Allez ! Rêvons un peu ! Olivier Besancenot sous les ors de l’Elysée, son vélo de facteur garé au milieu des berlines de luxe dans la cour d’honneur, un conseil des ministres composé de gauchistes et d’écolos barbus, Joey Star à la Culture, Krivine à l’Intérieur et Daniel Bensaïd aux Affaires étrangères ? Tout ce petit monde reconverti en gestionnaire de l’appareil d’Etat !

 

Souvent, il nous est reproché de ne pas vouloir du pouvoir : « Comment allez vous changer les choses si vous n’êtes pas élus ? Si vous n’êtes pas ministres ? Ou maire, ou conseiller régional » ?

A l’inverse, nombreux sont ceux qui, toute honte bue, justifient l’abandon de leurs idéaux par la nécessité de « mettre les mains dans le cambouis », pour faire vraiment avancer les choses en rejoignant une liste du PS ou du PCR, ou aujourd’hui d’Europe Ecologie.

 

C’est ainsi qu’à plusieurs occasions, le PS s’est trouvé en situation de pouvoir, qu’il est aujourd’hui en compagnie du PCR maître de nombreuses collectivités. Mais les choses n’avancent pas vraiment vite ! Alors nos élus expliquent que finalement, c’est plus difficile que prévu, que la crise frappe à notre porte, que l’économie va mal, qu’il n’y a plus d’argent dans les caisses, que la mondialisation ? que l’Europe ? et patati et patata. En gros, « on n’a pas vraiment le pouvoir ». C’était bien la peine !

 

Nos mécanos aux mains pleines de cambouis réalisent soudain que ce n’est pas eux qui conduisent la voiture : on leur demande juste de serrer les boulons, de bien la faire fonctionner, en fait de bien gérer la machine capitaliste. Pendant ce temps, les salariés, la grande majorité de la population, marchent à pied !

 

Il serait temps qu’ils comprennent que l’action politique, c’est avant tout l’activité sociale, le rapport de forces qui s’établit entre les possédants et les travailleurs. Ce rapport de forces est multiforme s’exprime de mille manières : grève dans une entreprise pour de meilleurs salaires, manifs de défense des services publics, luttes contre les licenciements, mobilisations citoyennes contre une centrale thermique, actions des jeunes lycéens ou étudiants ? Cette activité plus ou moins intense détermine la position du curseur des possibles. Les marges de manœuvres de nos élus en dépendent étroitement.

 

Toutes les avancées sociales ou démocratiques ont été obtenues par l’action populaire de masse comme en juin 36, après la Libération ou en 68. La mise en forme plus ou moins réussie de ces avancées entraîne souvent des changements politiques, le Front Populaire ou l’élection de Mitterrand en 81. Mais l’inverse, jamais.
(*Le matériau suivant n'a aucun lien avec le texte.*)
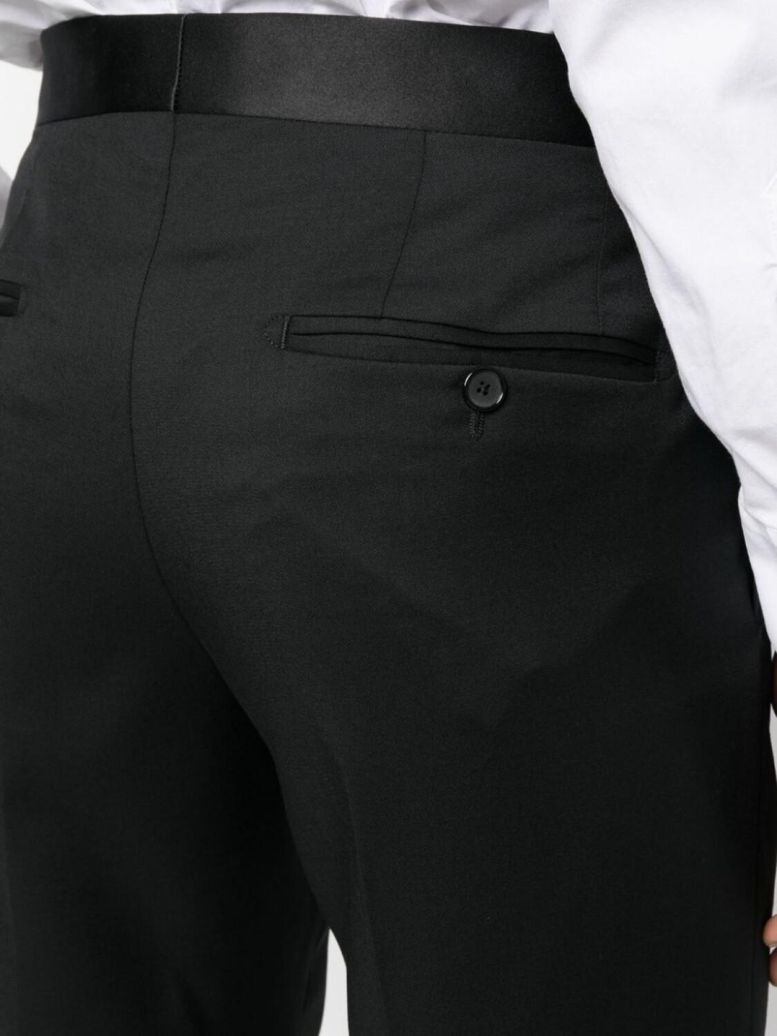 Черный, необработанная шерсть, металлический логотип, заостренные лацканы, застежка на пуговицах спереди, прорезной карман на груди, два прорезных кармана спереди, строгий крой, контрастный пояс, потайная застежка спереди, два вшитых кармана по бокам и два прорезных кармана сзади.
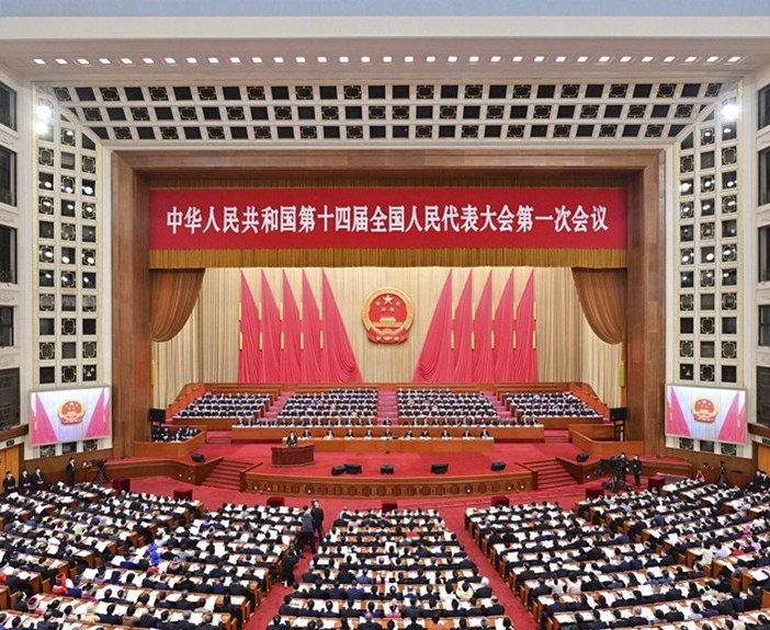 3月7日,十四屆全國(guó)人大一次會(huì)議在北京人民大會(huì)堂舉行第二次全體會(huì)議。受十三屆全國(guó)人大常委會(huì)委托,栗戰(zhàn)書向大會(huì)作全國(guó)人大常委會(huì)工作報(bào)告。
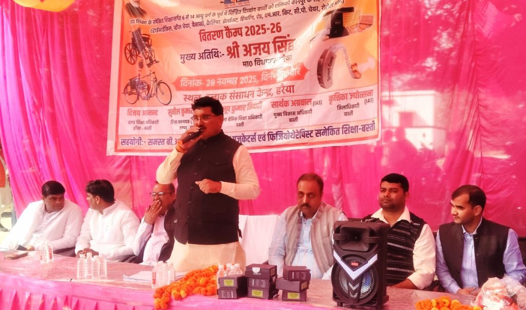 बस्ती। जूनियर हाईस्कूल हर्रैया के परिसर में शुक्रवार को 6 से 14 वर्ष तक के दिव्यांग बच्चों के लिए सहायक उपकरण वितरण कार्यक्रम का आयोजन किया गया। कार्यक्रम के मुख्य अतिथि स्थानीय विधायक अजय सिंह ने मां सरस्वती के चित्र पर माल्यार्पण और दीप प्रज्ज्वलित कर कार्यक्रम का शुभारंभ किया।
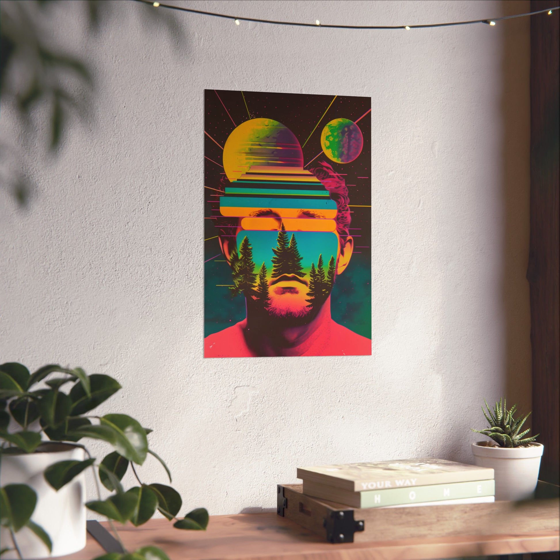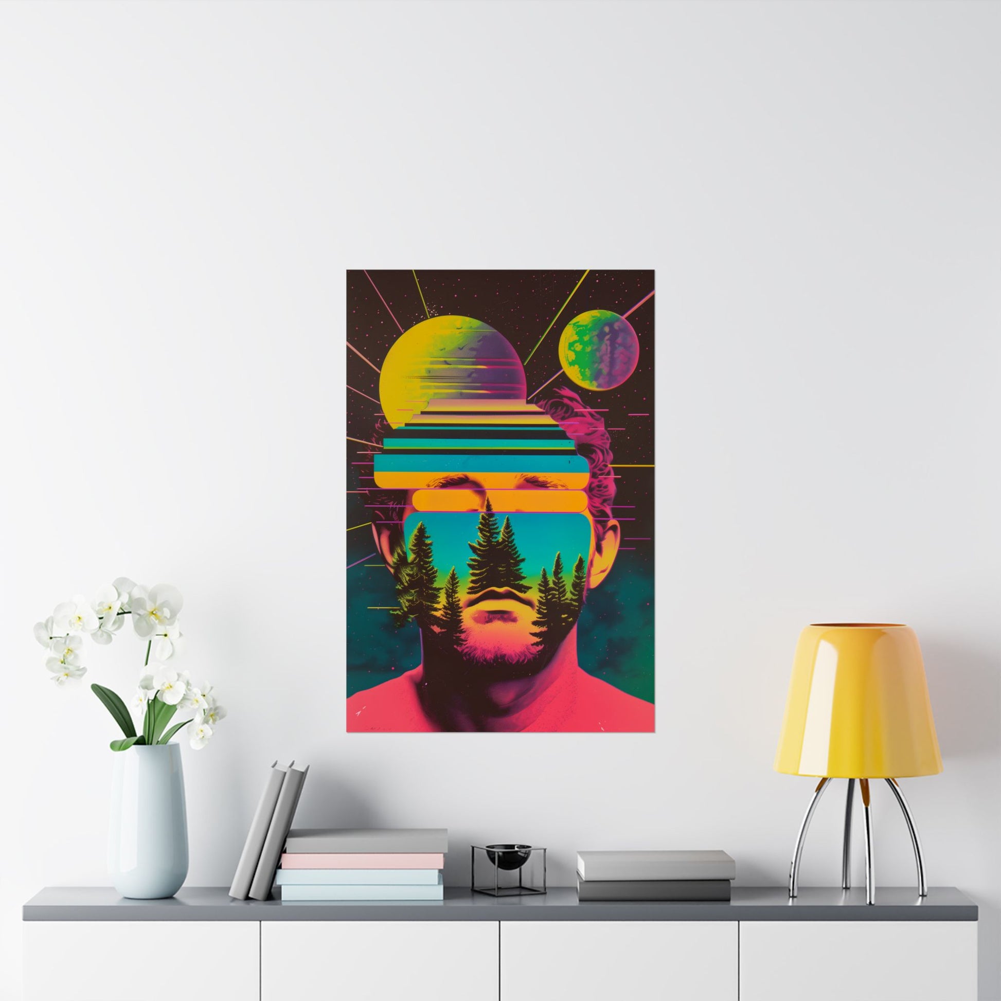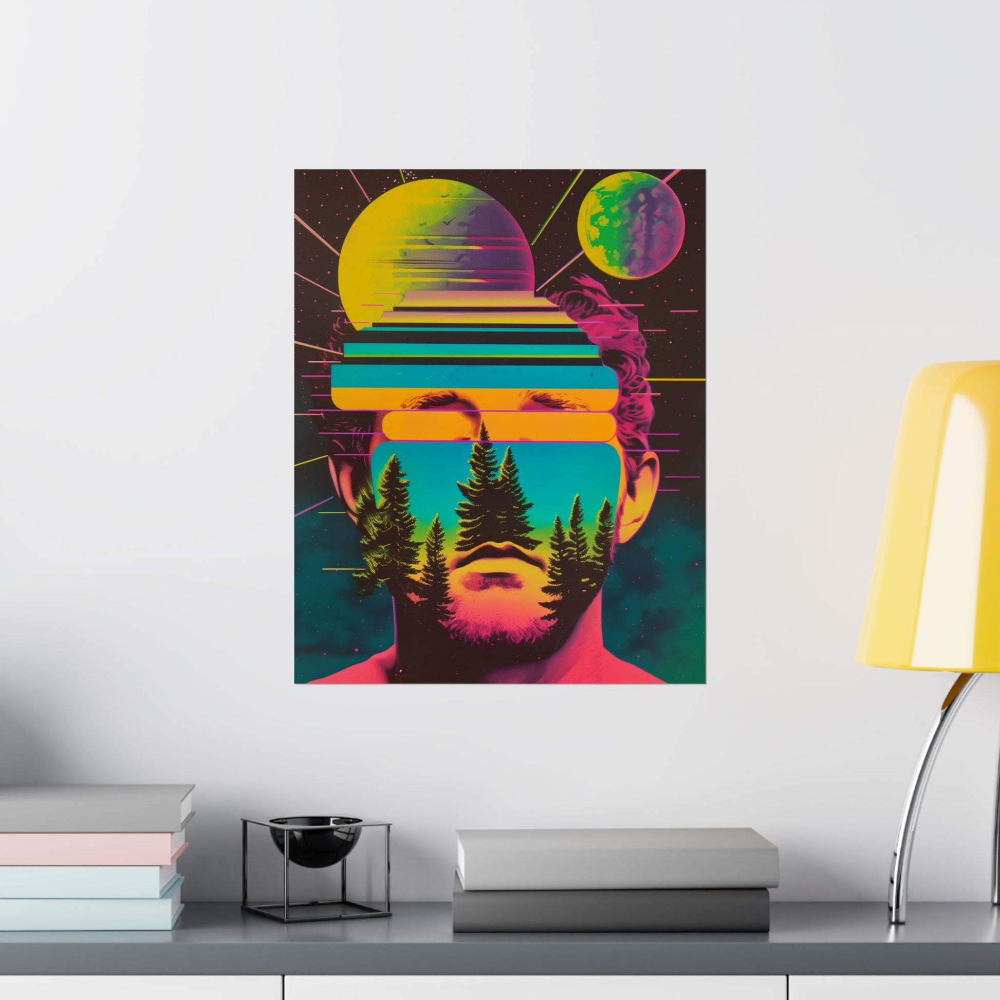 ✨ Cosmic Intentions II – Retro Psychedelic Poster Print The second release in the Cosmic Intentions series, this original digital artwork by Jess Castle fuses outer space surrealism with bold retro-futurist style. A neon-saturated portrait blends with cosmic planets, glowing gradients, and silhouetted trees, creating a trippy vision that feels straight out of an 80s sci-fi album cover. This poster makes a powerful statement piece for living rooms, studios, game rooms, or any space that thrives on cosmic energy and psychedelic art. Check out the others in the series to mix and match your posters!

Une élection ne modifie pas un rapport de force social. Faute de l’avoir compris, ou même souhaité, nos mécanos politiciens, dits de gauche, se sont détachés de ceux qui les ont élus, et ont été progressivement absorbés par un appareil d’Etat qui n’est qu’un instrument aux mains des possédants. Les plus naïfs croient encore disposer d’une capacité d’action autonome dans leur mairie, leur collectivité, ils sont vite réduits à l’impuissance. Les cyniques, bien plus nombreux, lient leur sort personnel, leur rémunération, leurs avantages, au maintien du statu quo et vont de compromis en compromissions. Parfois, ils utilisent les mobilisations sociales pour conforter leur position, mais ils cherchent en permanence à en limiter les effets, à les juguler pour éviter à tout prix que l’affrontement de classe survienne : pour eux le risque est grand que cet affrontement les prive de leurs postes.

 

En ce qui nous concerne, nous voulons transformer la société, faire cesser l’exploitation, briser l’appareil d’Etat, et ouvrir la porte à une véritable démocratie, au sens propre du terme : le pouvoir du peuple. L’UMP ou le PS nous ont sciemment interdit l’accès aux fonctions électives en maquillant la démocratie, en en faisant une vieille maquerelle fardée et menteuse. Nous ne sommes ni naïfs ni cyniques : nous savons qu’il n’est pas suffisant d’être présents dans les mobilisations sociales, pas suffisants même de les impulser, qu’il faut aussi savoir en découdre sur le terrain électoral. Mais nous ne faisons pas de ce terrain un but en soi, nous ne croyons pas que le changement viendra par les urnes et qu’il suffirait que nous soyons élus pour que tout change !

 

Si nous sommes présents aux échéances électorales, c’est d’abord pour redonner courage à tous ceux qui luttent dans leur entreprise, dans leur quartier ; et si nous avons des élus, ce sera tant mieux parce que pour une fois, les travailleurs auront une voix dans les hémicycles et une voix qui dérangera !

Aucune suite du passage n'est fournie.